Evans Bancorp and the Federal Deposit Insurance Corp. have wrapped up an agreement that helped fill the void created by Waterford’s shutdown.

State regulators in July 2009 shut Clarence-based Waterford, citing a dangerous lack of capital. They turned the Clarence-based bank over to the federal government, naming the FDIC as receiver.

Evans Bancorp, the parent of Evans Bank, assumed Waterford’s $51 million in deposits after the shutdown and bought essentially all of Waterford’s assets, including $43 million in loans.

Under a loss-sharing agreement with Evans as part of the “receivership,” the FDIC pledged to cover 80 percent of any losses on the Waterford loans and foreclosed real estate up to $5.6 million and 95 percent of losses above that amount.

But that arrangement had become more of a burden than a benefit lately, as the FDIC sent a team of 15 auditors to review the Waterford loans each year. That portfolio was down to just $16.6 million as of June 30.

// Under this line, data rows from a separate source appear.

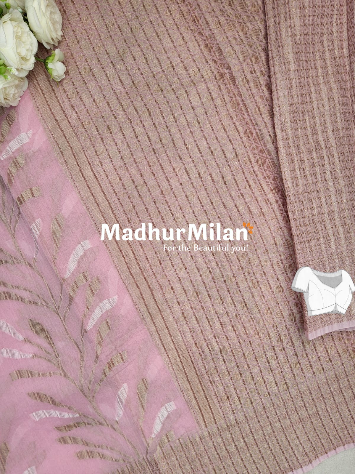 The saree's pink base is adorned with graceful golden leaf designs, creating a harmonious balance between simplicity and sophistication. The crushed texture adds a modern touch while ensuring easy draping and minimal creasing.
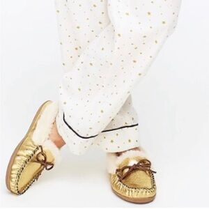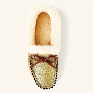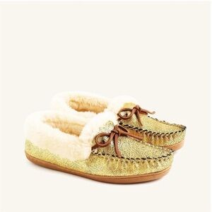 J .Crew lodge Moc Mocassins in metallic gold Soft Lining Furry & Rubber Sole 7M
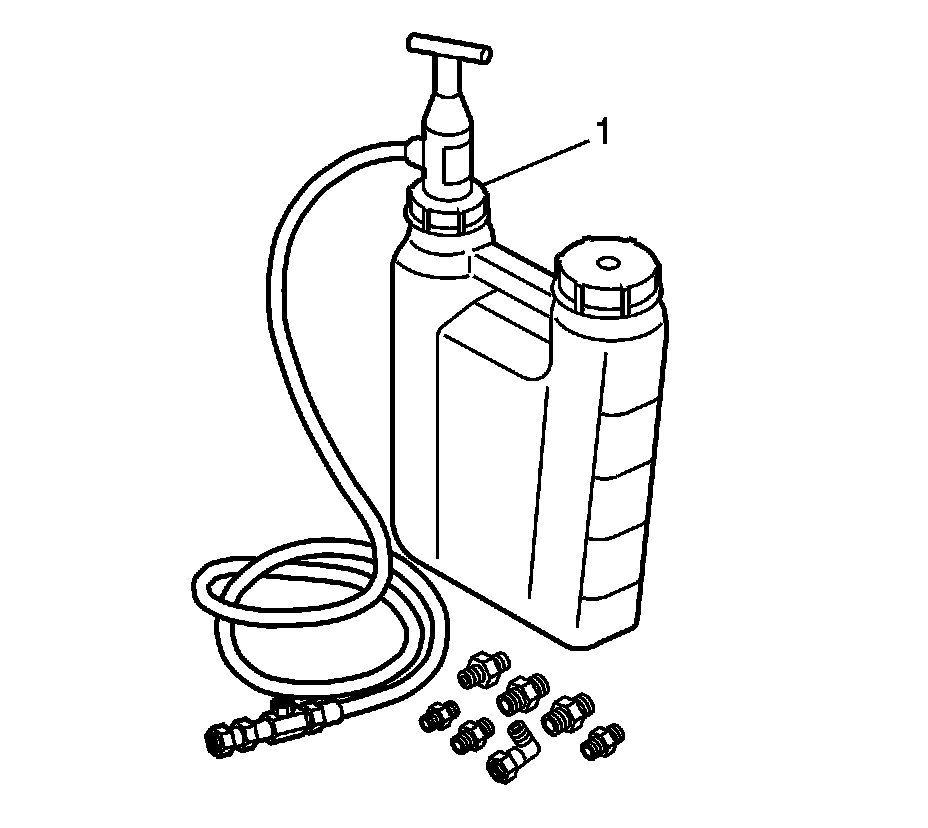 4. Pump the handle on the EN-45299 - preluber (1) in order to flow a minimum of 1-1.9 liters (1-2 quarts) of engine oil. Observe the flow of engine oil through the flexible hose and into the engine assembly.
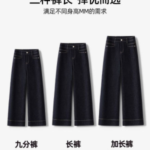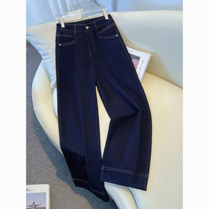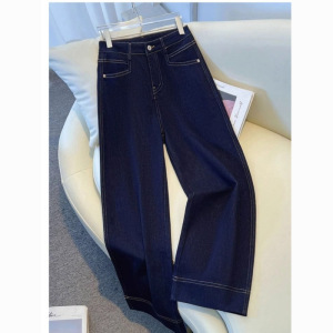 深蓝色丹宁阔腿软牛仔裤2025高腰显瘦新款宽松直筒阔腿慵懒拖地裤
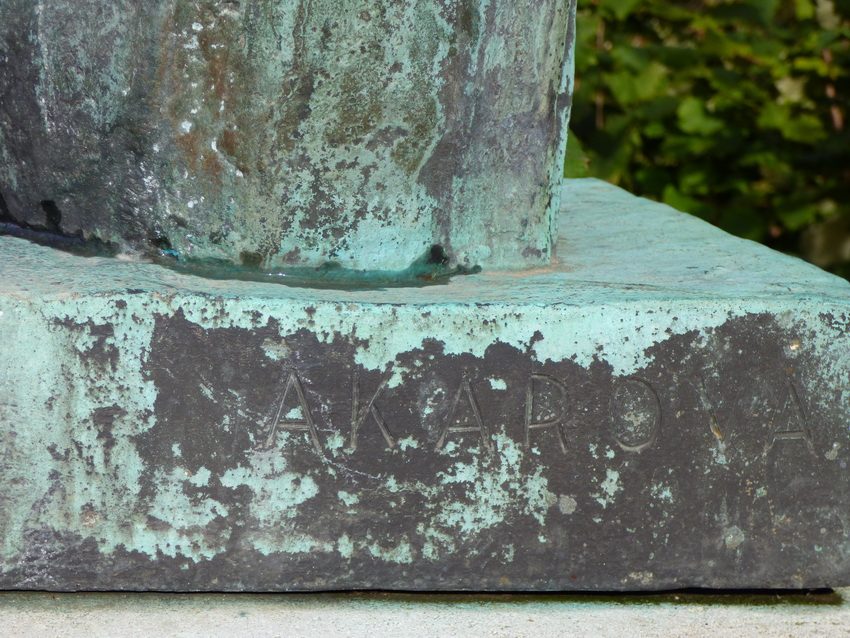 Reposant sur un socle en pierre, le masque du poète et romancier d’origine montoise Charles Plisnier (il fut le premier écrivain non français à remporter le prix Goncourt en 1937) est l’œuvre de Marguerite Acarin, plus connue sous le pseudonyme d’Akarova.
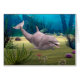 Niedlich lächelnder Delphin auf blauem Fantasy-Ozean Hintergrund. Perfektes Geschenk für alle, die diese phantastischen Tiere Lieben
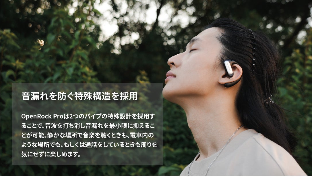 OpenRock Proは2つのパイプの特殊設計を採用することで、音波を打ち消し音漏れを最小限に抑えることが可能。静かな場所で音楽を聴くときも、電車内のような場所でも、もしくは通話をしているときも周りを気にせずに楽しめます。

The FDIC approached Evans about wrapping up the loss-sharing agreement, said Kevin Brady, a spokesman for Hamburg-based Evans. “It eases the administrative burden on both sides.”

Evans received roughly $1 million from the FDIC on July 5 to help with the remaining risk. The FDIC will no longer help Evans cover losses on Waterford loans, but the bank in the third quarter will apply more than $600,000 from the FDIC toward its provision for loan losses, to address any future concerns.

And Evans said it has written off an “indemnification asset” of more than $300,000, referring to money it was owed by the FDIC under its agreement for Waterford loans that were written off.

Brady said the funds going toward loan losses and the writeoff combined add up to nearly all of the roughly $1 million involved in the deal. The specific figures are due to be released later.

While the dollar amounts involved in ending the Evans-FDIC agreement were relatively small, the deal closes a chapter on the Waterford shutdown. The deal also allowed the FDIC and Evans to end their agreement a year ahead of schedule.

“I think at the end of the day, everybody’s better off,” Brady said.